Вместе с нежностью в ней просыпается желание.

III

Проходят месяцы, прежде чем они сближаются.

А тем временем на Амстердам совершается посягательство, которое приводит всех жителей в смятение: наместник Виллем Второй пытается внезапно овладеть Амстердамом, но терпит неудачу.

Город бурлит гневом и возмущением, на смену которым приходит необузданное веселье. В тавернах и на хлебной бирже, в крытых галереях вокруг Центральной площади и в стрелковых тирах только об этом и говорят. По набережным то и дело проходят отряды гражданской самообороны. Амстердам весь в блеске и великолепии оружия, умы возбуждены, слухи передаются из уст в уста.

Рембрандт оставался в стороне от всех событий. В грустном раздумье он говорил себе: "Для меня Амстердам - это не город регентов, высокомерный и блистательный оплот республиканцев. Мне безразлично, властвуют здесь Тульпы или Биккеры, или же друзья принца Оранского. Амстердам остается Амстердамом, свободной республикой в республике, самым прекрасным городом для художников и поэтов. Амстердам обязан своим величием отнюдь не тем, кто им правит; сын Фредерика Хендрика заблуждается, думая, что, сместив одного-двух бургомистров, он может ограничить власть города.

Но, с другой стороны, для чего такому городу, как вольный Амстердам, пользующемуся столь прочным авторитетом, бахвалиться своей властью, которая и без того повсюду ощущается и не требует ни доказательств, ни объяснений. К чему проявлять упорство и высокомерие, когда речь идет лишь о том, чтобы оставить главнокомандующему армией Унии горстки две кавалеристов и ландскнехтов? Амстердам платит такие колоссальные налоги, что по сравнению с ними денежное довольствие этих войск представляет ничтожную сумму. И разве для Биккеров закон не писан? Разве они не знают, что власть, данную от бога, надо уважать?"

Его высочество - статный и бравый офицер; отец и дед его спасли страну от пагубной тирании. Быть может, Рембрандту вспоминаются дни, когда любезный и вкрадчивый Хейгенс являлся с заказами от Фредерика Хендрика и, взглянув на новую картину, мог неожиданно выругаться от восхищения (правда, по-французски). То были славные, куда более спокойные времена, думает Рембрандт; между Амстердамом и наместником царил мир, город не знал нынешнего сумасшедшего, необузданного честолюбия и не мешал принцу поступать так, как ему заблагорассудится.

Да, теперь все переменилось. Уже в последние годы правления Фредерика Хендрика городом начал овладевать мятежный дух противодействия. Амстердам, прежде гордо и с готовностью несший тяжелое налоговое бремя, теперь возроптал, обуреваемый жаждой власти, тем более что седеющий, впавший в детство принц мало уже заботился о благе Голландии. Вот тут-то и пришли Биккеры и Сиксы, и вместе с ними в городское самоуправление проникли интриги и холодное, расчетливое властолюбие. Подлинные короли буржуазии!

В течение нескольких лет сила и влияние города утроились; угрозами он попросту вынудил власти генеральных штатов пойти на уступки; казалось, Амстердам решил сам управлять всей страной.

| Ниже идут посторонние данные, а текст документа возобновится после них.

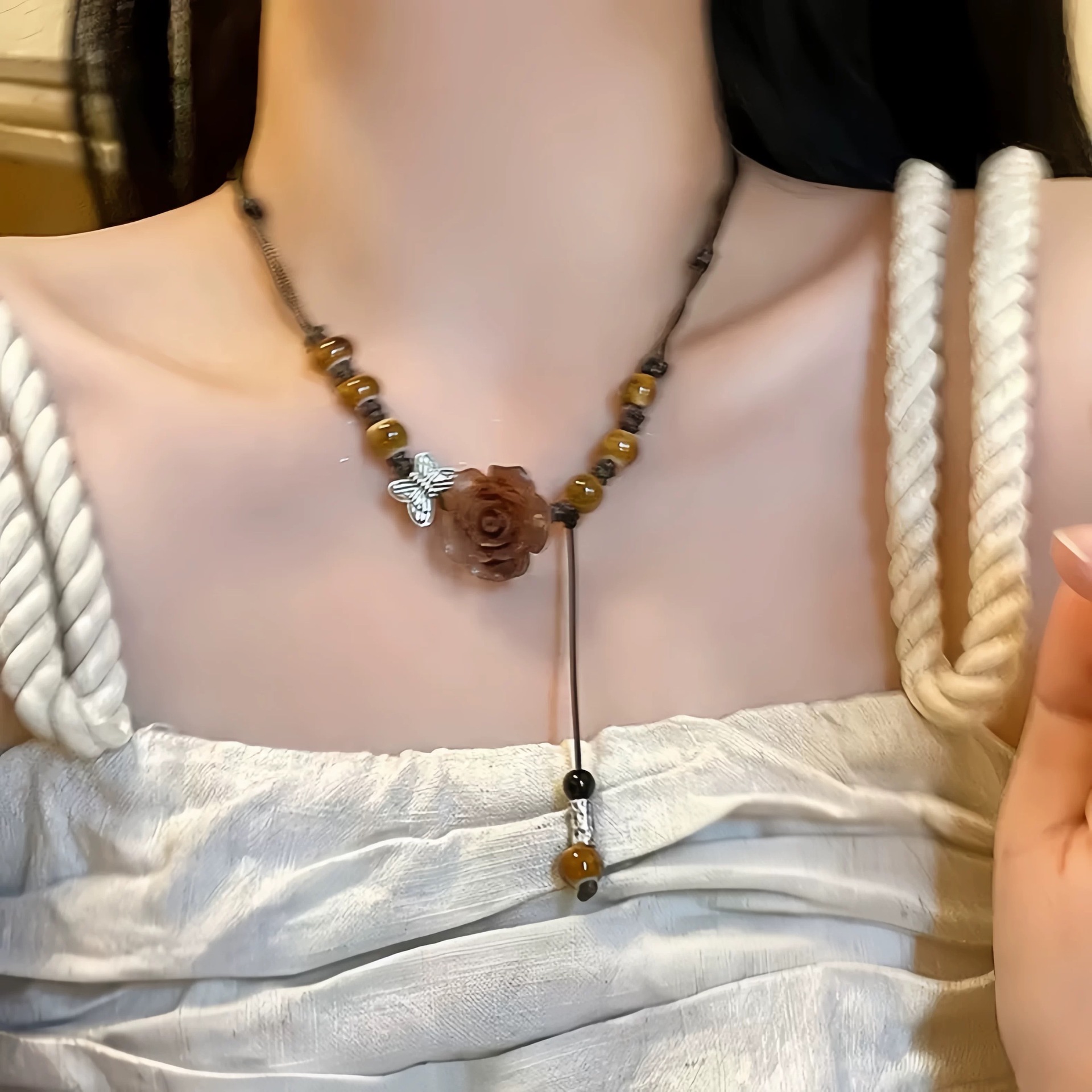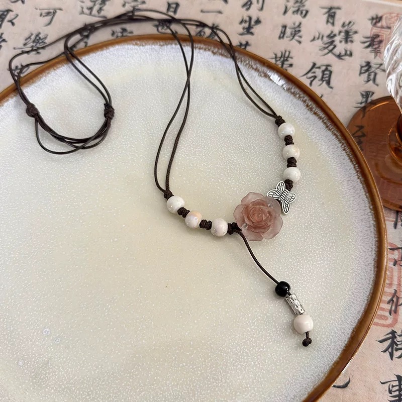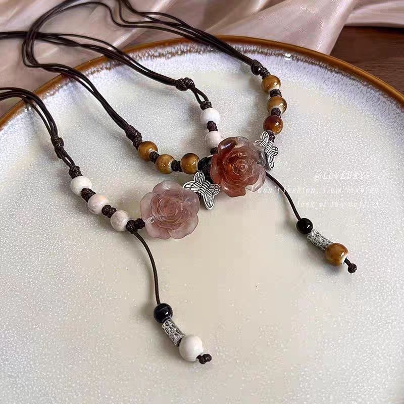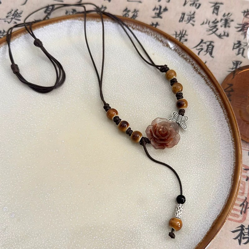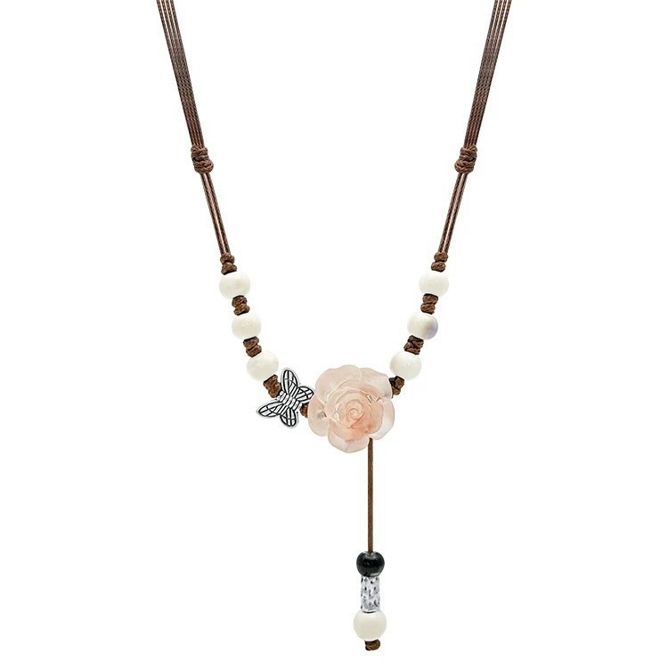 amber ceramic camellia necklace

Однако кто хоть раз видел Виллема Второго, его улыбку и княжескую осанку, тонкие сильные пальцы, охватившие рукоятку меча, небрежную и гордую позу в тот момент, когда он длинными ногами пришпоривал и усмирял строптивого коня, - тот непременно простил бы его честолюбие… По своей осанке Виллем Второй не уступал королю. В сравнении с ним Биккеры - чрезмерно зазнавшиеся бюргеры, которых роднило с прирожденным властелином только одно - стремление к власти.

Быть может, именно об этом размышлял Рембрандт в один из теплых летних вечеров, когда повсюду еще витал страх после выдержанной кратковременной осады, когда Титус уже спал, а ученики, сгорая желанием разузнать новости, сновали по городу, потому что он не сумел удержать их от этого праздного занятия.

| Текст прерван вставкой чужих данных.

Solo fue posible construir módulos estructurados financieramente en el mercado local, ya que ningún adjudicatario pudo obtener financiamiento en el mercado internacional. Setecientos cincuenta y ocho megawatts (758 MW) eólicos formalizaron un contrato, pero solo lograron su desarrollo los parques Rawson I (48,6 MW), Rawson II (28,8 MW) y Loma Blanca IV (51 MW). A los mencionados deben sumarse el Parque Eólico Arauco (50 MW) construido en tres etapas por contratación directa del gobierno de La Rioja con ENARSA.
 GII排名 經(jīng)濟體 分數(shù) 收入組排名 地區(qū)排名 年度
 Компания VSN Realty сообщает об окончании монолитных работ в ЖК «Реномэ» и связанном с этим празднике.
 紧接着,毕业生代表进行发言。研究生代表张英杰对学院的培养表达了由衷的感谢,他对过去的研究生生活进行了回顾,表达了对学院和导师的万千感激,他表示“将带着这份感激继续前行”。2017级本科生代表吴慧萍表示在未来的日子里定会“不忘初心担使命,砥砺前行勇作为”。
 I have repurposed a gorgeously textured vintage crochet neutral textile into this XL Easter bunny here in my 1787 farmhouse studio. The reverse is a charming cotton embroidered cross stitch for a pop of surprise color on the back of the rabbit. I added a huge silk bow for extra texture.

Никто, однако, не может сказать, о чем думает учитель. Его жизнь течет, скрытая от посторонних глаз.

Проходит жизнь, бежит время…

Наступил октябрь - золотая, затянувшаяся осень.

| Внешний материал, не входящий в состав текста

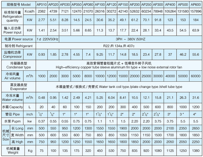 AP 系列机床工业冷水机主要用于各种数控机床所需要的制冷设备,产品压缩机,水泵,电器元件等均选用国际知名品牌,高效率,低耗能,低噪音等特点,能够满足机床生产过程中的各项要求,是机床工业生产的理想辅助设备。
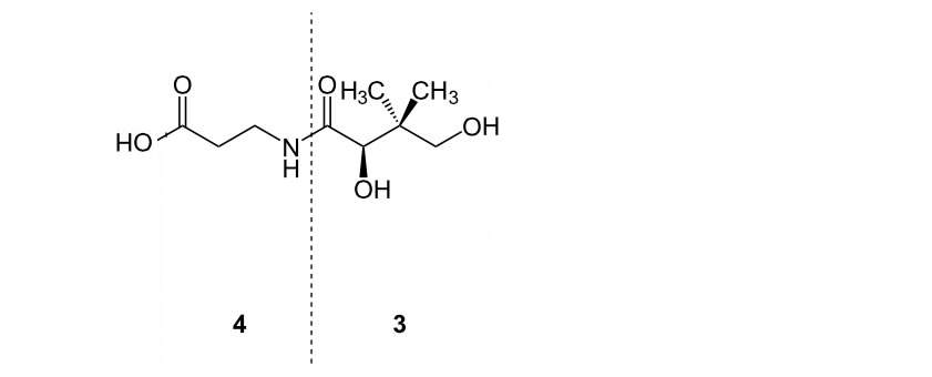 Die Abschnitte 3 und 4 von Coenzym A werden zusammen auch als Pantothensäure bezeichnet, die in der Ernährungslehre als Vitamin B5 bezeichnet wird.
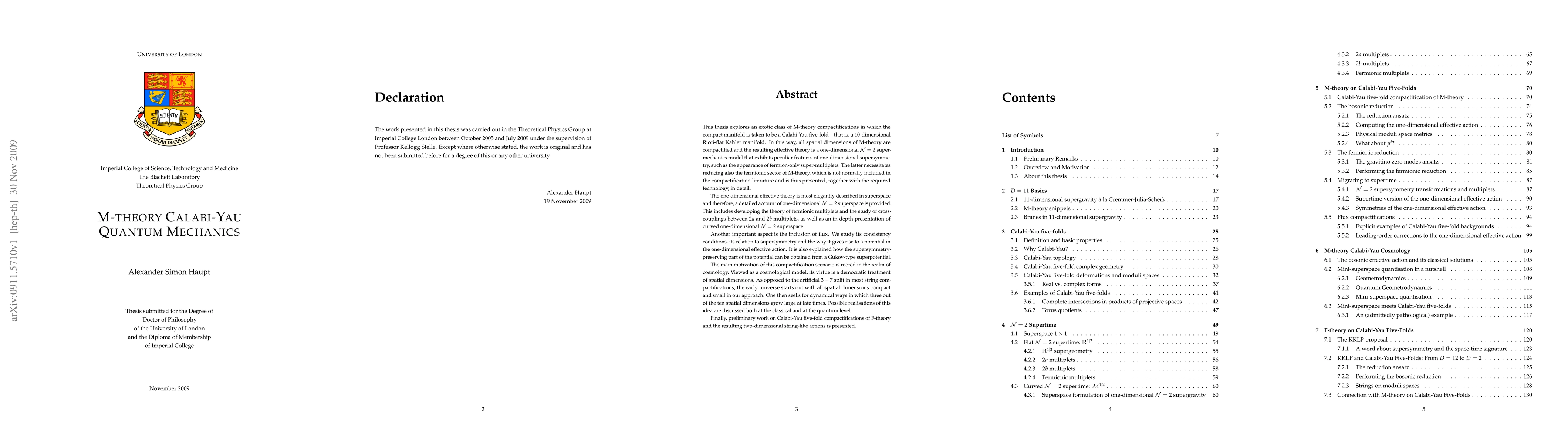 This thesis explores an exotic class of M-theory compactifications in which the compact manifold is taken to be a Calabi-Yau five-fold. The resulting effective theory is a one-dimensional N=2 super-mechanics model that exhibits peculiar features of one-dimensional supersymmetry, such as the appearance of fermion-only super-multiplets. The latter necessitates reducing also the fermionic sector of M-theory, which is not normally included in the compactification literature and is thus presented, together with the required technology, in detail. The one-dimensional effective theory is most elegantly described in superspace and therefore, a detailed account of one-dimensional flat and curved N=2 superspace is provided. This includes developing the theory of fermionic multiplets and the study of cross-couplings between 2a and 2b multiplets. Another important aspect is the inclusion of flux. We study its consistency conditions, its relation to supersymmetry and the way it gives rise to a potential in the one-dimensional effective action. It is also explained how the supersymmetry-preserving part of the potential can be obtained from a Gukov-type superpotential. The main motivation of this compactification scenario is rooted in the realm of cosmology. Its virtue is a democratic treatment of spatial dimensions. As opposed to the artificial 3+7 split in most string compactifications, the early universe starts out with all spatial dimensions compact and small in our approach. One then seeks for dynamical ways in which three dimensions grow large at late times. Possible realisations of this idea are discussed both at the classical and at the quantum level. Finally, preliminary work on Calabi-Yau five-fold compactifications of F-theory and the resulting two-dimensional string-like actions is presented.

Днем над водою каналов нависают бесформенные клочья тумана. Сморщенные красные листья, кружась, падают под темными окнами, и груды их вырастают вдоль стен. Покидают Амстердам иностранцы. В гавань входят суда с торфом. Ночью часто идет дождь, а по утрам на улице холодно и бело; иногда туман не рассеивается целый день.

В мастерской Рембрандта в беспорядке свалены незаконченные картины. Зеленеют медные доски; на гравировальных иглах и инструментах лежит тонкий слой пыли. Учитель стал спокойнее, он старается примириться с судьбой. Он восстановил дисциплину среди своих учеников и снова принимает у себя друзей. Не один вечер проводит он с Сегерсом, Деккером, Асселейном, Франценом и другими друзьями, сидя в их кругу перед пылающим камином. Гости избегают говорить о минувшем лете. Но они видят застой в творчестве друга и с тревогой и состраданием спрашивают себя, к чему приведет это бессилие Рембрандта.

В иной день они опять застают Рембрандта в состоянии слепого, безудержного отчаяния. Никакими словами сочувствия и утешения нельзя прогнать его мрачность и безысходную скорбь. В такие дни они оставляют Рембрандта одного, зная, что именно одиночество, хотя и трудное для него, поможет ему прийти в себя.

Но вот буря тяжких переживаний улеглась, и он снова обрел душевное равновесие. Он знает, что этому кризису предшествовали два года страстной, напряженной работы. Он создавал картину за картиной. Каждый день после обеда без умолку трещали доски дубового печатного станка; равномерно, быстро, без задержек совершалось рождение новой гравюры; от медной доски отскакивали оттиск за оттиском. За короткое время он создал больше произведений, чем несколько живописцев-современников, вместе взятых. И от своих учеников он настойчиво требовал упорного труда. Маас стал подлинным мастером. Скоро и Майр встанет на ноги.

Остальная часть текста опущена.